▶ **Required work**:
Return all of the data exactly, omitting any images.

▶ **Dataset excerpt**:
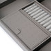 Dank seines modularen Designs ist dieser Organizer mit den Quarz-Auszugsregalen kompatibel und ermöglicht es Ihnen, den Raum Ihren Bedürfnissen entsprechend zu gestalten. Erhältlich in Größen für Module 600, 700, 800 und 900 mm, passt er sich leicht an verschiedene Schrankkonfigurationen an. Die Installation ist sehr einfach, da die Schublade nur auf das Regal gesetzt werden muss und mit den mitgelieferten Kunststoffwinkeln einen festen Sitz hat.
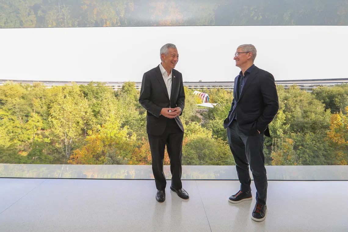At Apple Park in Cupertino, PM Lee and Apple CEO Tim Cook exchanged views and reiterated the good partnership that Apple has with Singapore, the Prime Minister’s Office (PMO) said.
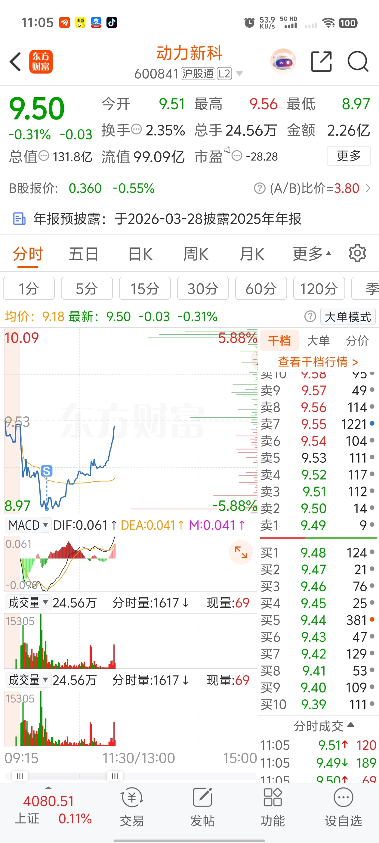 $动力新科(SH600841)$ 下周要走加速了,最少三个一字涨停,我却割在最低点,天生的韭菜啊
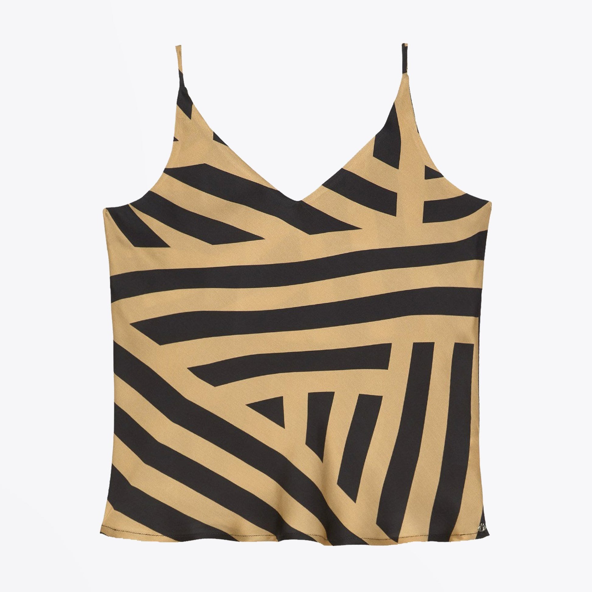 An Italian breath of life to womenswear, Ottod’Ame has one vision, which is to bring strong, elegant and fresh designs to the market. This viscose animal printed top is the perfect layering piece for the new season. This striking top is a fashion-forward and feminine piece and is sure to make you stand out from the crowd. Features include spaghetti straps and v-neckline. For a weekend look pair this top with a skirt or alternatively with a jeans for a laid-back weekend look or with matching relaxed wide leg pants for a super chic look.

▶ **Task response**:
 Dank seines modularen Designs ist dieser Organizer mit den Quarz-Auszugsregalen kompatibel und ermöglicht es Ihnen, den Raum Ihren Bedürfnissen entsprechend zu gestalten. Erhältlich in Größen für Module 600, 700, 800 und 900 mm, passt er sich leicht an verschiedene Schrankkonfigurationen an. Die Installation ist sehr einfach, da die Schublade nur auf das Regal gesetzt werden muss und mit den mitgelieferten Kunststoffwinkeln einen festen Sitz hat.
At Apple Park in Cupertino, PM Lee and Apple CEO Tim Cook exchanged views and reiterated the good partnership that Apple has with Singapore, the Prime Minister’s Office (PMO) said.
 $动力新科(SH600841)$ 下周要走加速了,最少三个一字涨停,我却割在最低点,天生的韭菜啊
 An Italian breath of life to womenswear, Ottod’Ame has one vision, which is to bring strong, elegant and fresh designs to the market. This viscose animal printed top is the perfect layering piece for the new season. This striking top is a fashion-forward and feminine piece and is sure to make you stand out from the crowd. Features include spaghetti straps and v-neckline. For a weekend look pair this top with a skirt or alternatively with a jeans for a laid-back weekend look or with matching relaxed wide leg pants for a super chic look.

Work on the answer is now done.